■ **YOUR INSTRUCTIONS**
Your answer must be the exact lines of the listing below that run from the line with "セイリンカフェは、鍼灸師を目" to the line with "A moulded glass", ends included, and no pictures.

─── RECORDS ───

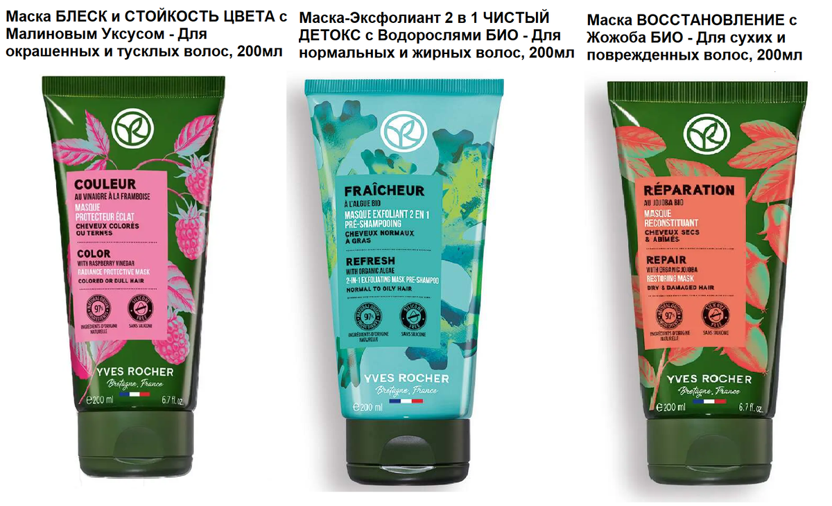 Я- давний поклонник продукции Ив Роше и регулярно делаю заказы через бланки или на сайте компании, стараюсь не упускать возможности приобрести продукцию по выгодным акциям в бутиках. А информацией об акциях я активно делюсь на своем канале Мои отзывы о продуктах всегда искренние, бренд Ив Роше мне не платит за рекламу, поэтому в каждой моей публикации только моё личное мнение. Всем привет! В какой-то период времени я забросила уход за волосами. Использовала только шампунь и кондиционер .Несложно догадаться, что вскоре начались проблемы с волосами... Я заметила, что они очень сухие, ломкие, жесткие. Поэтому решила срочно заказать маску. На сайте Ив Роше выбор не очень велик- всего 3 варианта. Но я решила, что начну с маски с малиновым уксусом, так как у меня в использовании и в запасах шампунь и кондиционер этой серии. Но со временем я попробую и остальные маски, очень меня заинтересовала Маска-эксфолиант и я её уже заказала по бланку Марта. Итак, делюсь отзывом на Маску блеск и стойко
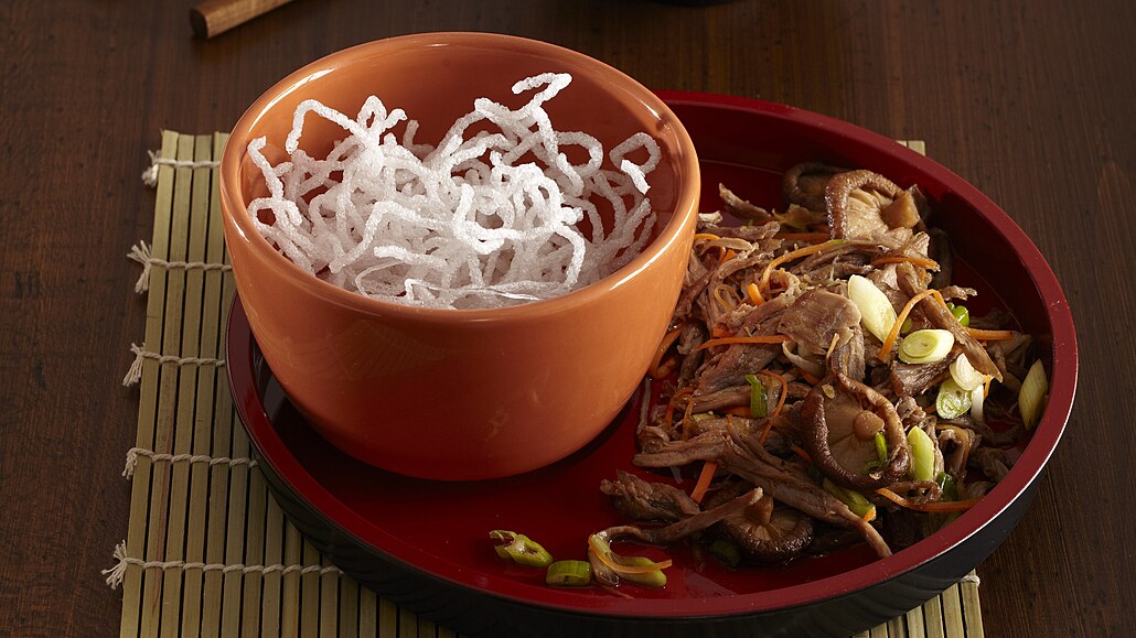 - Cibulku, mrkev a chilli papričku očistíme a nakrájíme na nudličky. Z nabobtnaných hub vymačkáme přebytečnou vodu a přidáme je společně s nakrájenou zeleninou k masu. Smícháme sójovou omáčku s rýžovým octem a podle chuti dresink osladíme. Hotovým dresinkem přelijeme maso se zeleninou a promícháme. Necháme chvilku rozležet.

───
─── RECORDS ───

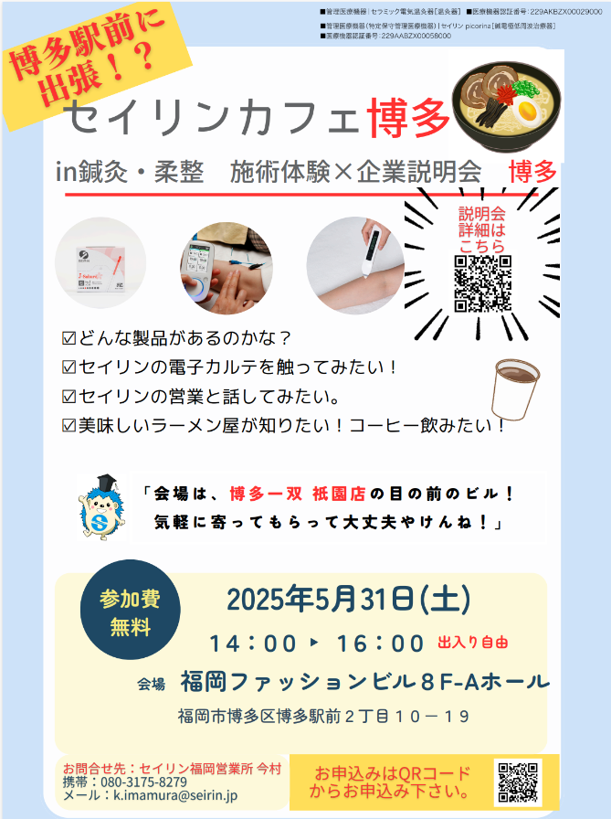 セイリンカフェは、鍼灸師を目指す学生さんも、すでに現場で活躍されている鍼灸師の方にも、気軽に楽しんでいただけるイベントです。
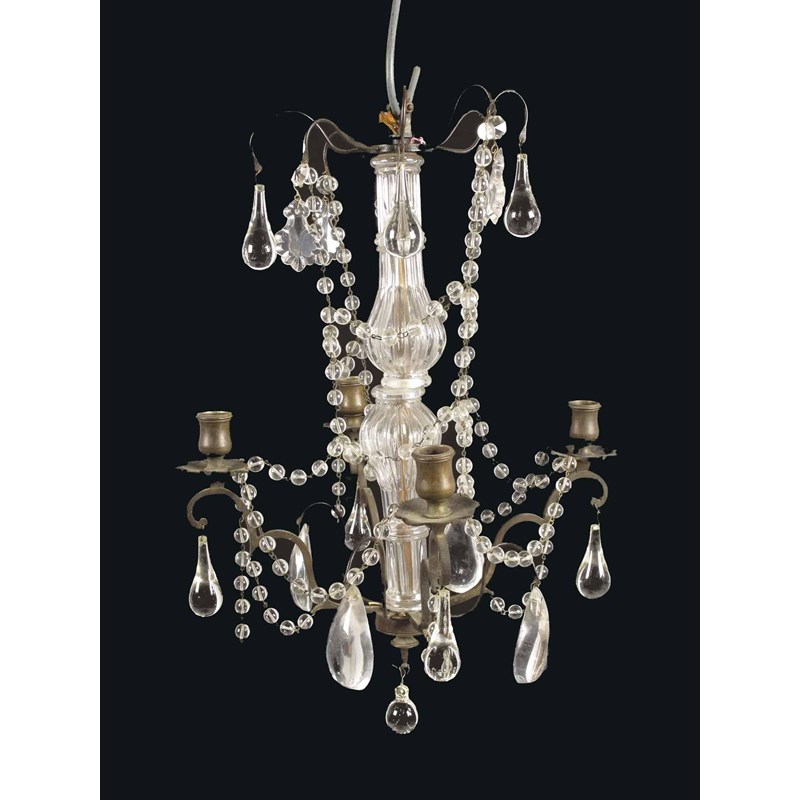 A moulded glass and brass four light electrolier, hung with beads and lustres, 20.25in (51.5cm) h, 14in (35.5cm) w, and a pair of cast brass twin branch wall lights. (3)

───
─── RECORDS ───

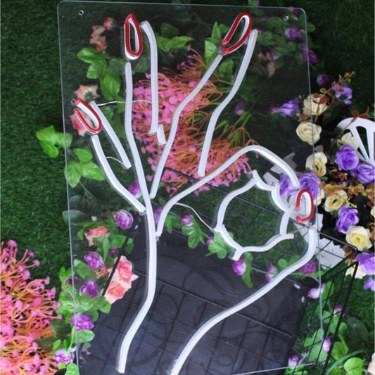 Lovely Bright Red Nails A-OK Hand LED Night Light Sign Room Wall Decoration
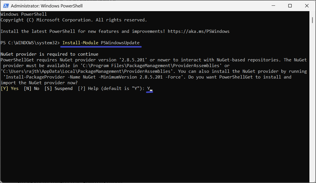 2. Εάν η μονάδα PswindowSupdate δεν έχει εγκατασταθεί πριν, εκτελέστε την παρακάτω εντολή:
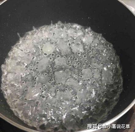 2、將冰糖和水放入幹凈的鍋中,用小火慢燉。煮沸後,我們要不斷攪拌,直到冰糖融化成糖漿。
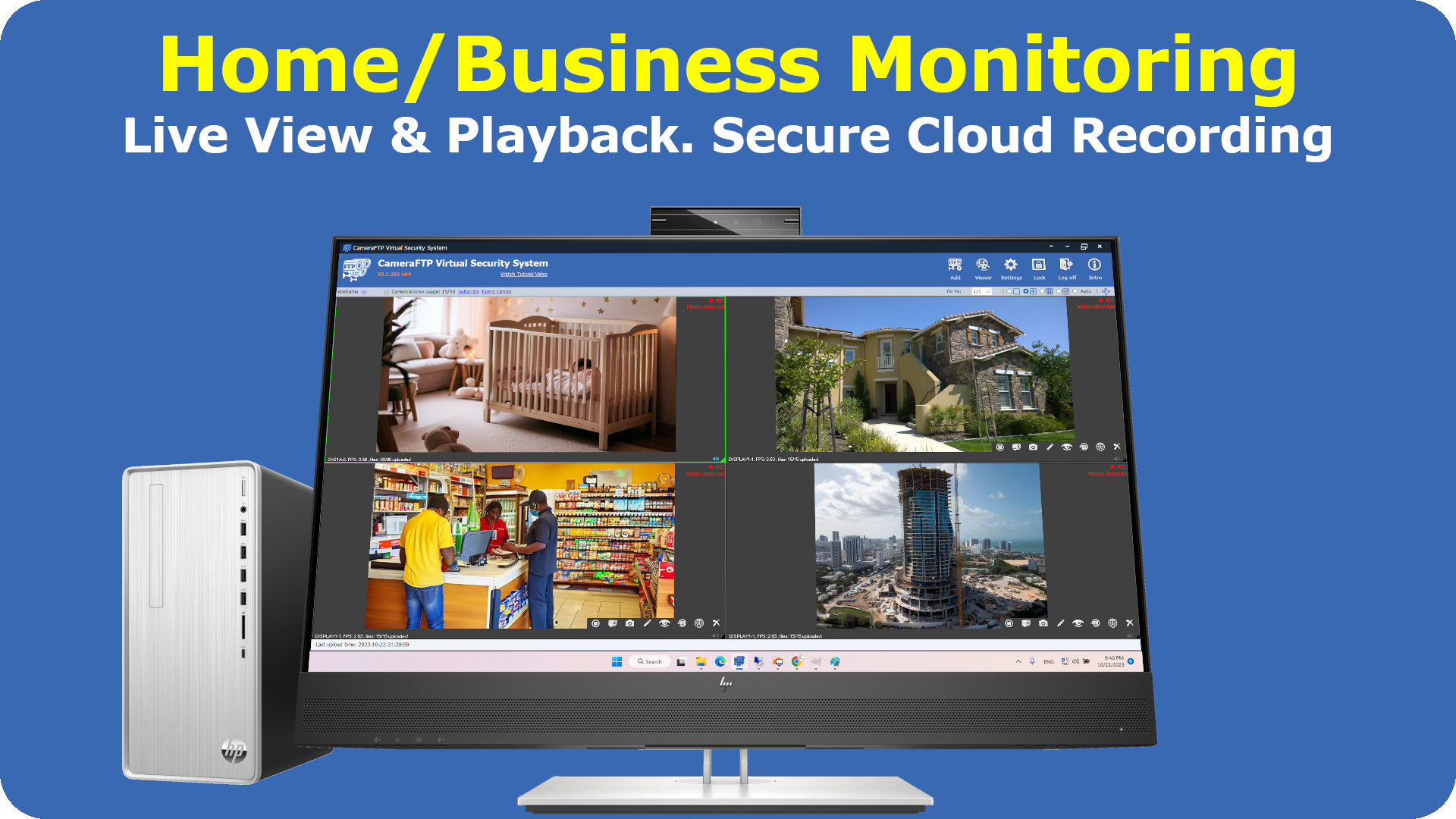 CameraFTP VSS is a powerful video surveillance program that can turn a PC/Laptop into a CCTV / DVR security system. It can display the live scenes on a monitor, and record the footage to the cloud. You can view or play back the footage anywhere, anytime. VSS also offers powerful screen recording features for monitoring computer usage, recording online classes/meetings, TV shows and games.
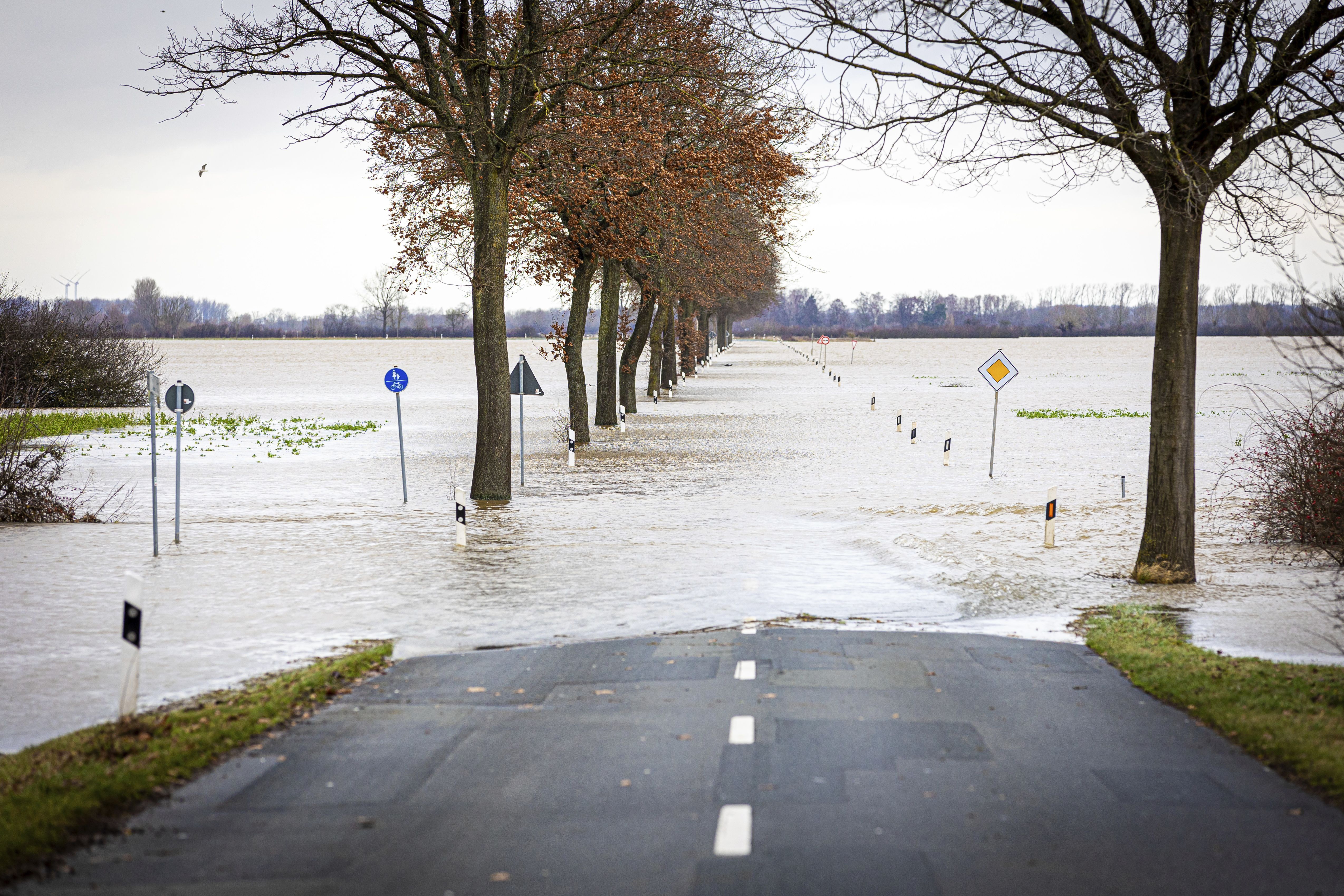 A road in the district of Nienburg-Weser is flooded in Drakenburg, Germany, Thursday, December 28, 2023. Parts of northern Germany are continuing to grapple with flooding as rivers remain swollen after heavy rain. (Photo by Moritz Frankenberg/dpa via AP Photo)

───

■ **ANSWER SECTION**
 セイリンカフェは、鍼灸師を目指す学生さんも、すでに現場で活躍されている鍼灸師の方にも、気軽に楽しんでいただけるイベントです。
 A moulded glass and brass four light electrolier, hung with beads and lustres, 20.25in (51.5cm) h, 14in (35.5cm) w, and a pair of cast brass twin branch wall lights. (3)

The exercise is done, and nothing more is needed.